停云初见
半青
视线里,风景渐渐绚丽起来。
首先是黛色的山,然后是绿得能掐出水的田野。春日里,万物疯长的那股醉人躁动正不安分地四处乱窜。骄阳早西斜了,天边的云被亮堂堂的日头晒了一天,正倚着风、怀着少女心事般的小心涌动着。两只不知名的鸟一前一后紧跟不舍,结了伴,穿空而过。
顾望的目光追着那鸟,追了好远,直到它们消失在西天的晚霞里。
再开几里路,就是停云客栈。
三年前的深秋十月,他曾来过这里,当时正好去杭州出差,路经这段高速公路,可惜并未驻足。
停云客栈并不是什么特别的地方。它平平无奇,因仿了中国风式的建筑,才得了一个文雅的名头。听人说,但凡开车打这条高速公路经过的人,若是扛不住疲累,大多都在此停顿,稍作休憩。少则一盏茶的功夫,只坐坐就走;多则三五天,真心觉得此处风景好,改了主意直接度假的,也不在少数。
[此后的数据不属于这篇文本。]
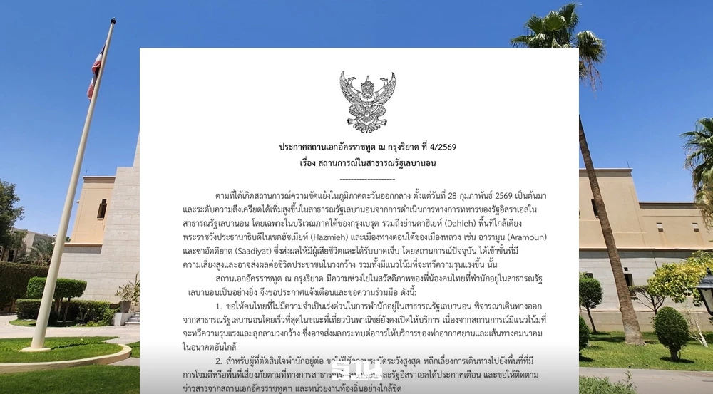 เมื่อวันที่ 4 มีนาคม 2569 สถานเอกอัครราชทูต ณ กรุงริยาด ได้ออกประกาศฉบับที่ 4 เรื่อง สถานการณ์ในสาธารณรัฐเลบานอน โดยเนื้อหารายละเอียดระบุว่า

这安静躺在江南穷山僻野处的客栈,有一个颇具诗意的好名字——停云。三年前第一眼看见它,顾望就想起了陶渊明那首情深意挚的《停云》之诗:“停云霭霭,时雨濛濛。八表同昏,平陆成江。有酒有酒,闲饮东窗。愿言怀人,舟车靡从。”
停云停云,是怀亲友的意思。
听说,客栈是一个姓高的老先生年轻时开的,算来已有三十多年的历史。前有小溪蜿蜒而过,后有高山环抱,倒像陶渊明的世外桃源,得天独厚的度假山庄。它盘桓在高速公路一隅,早已声名在外。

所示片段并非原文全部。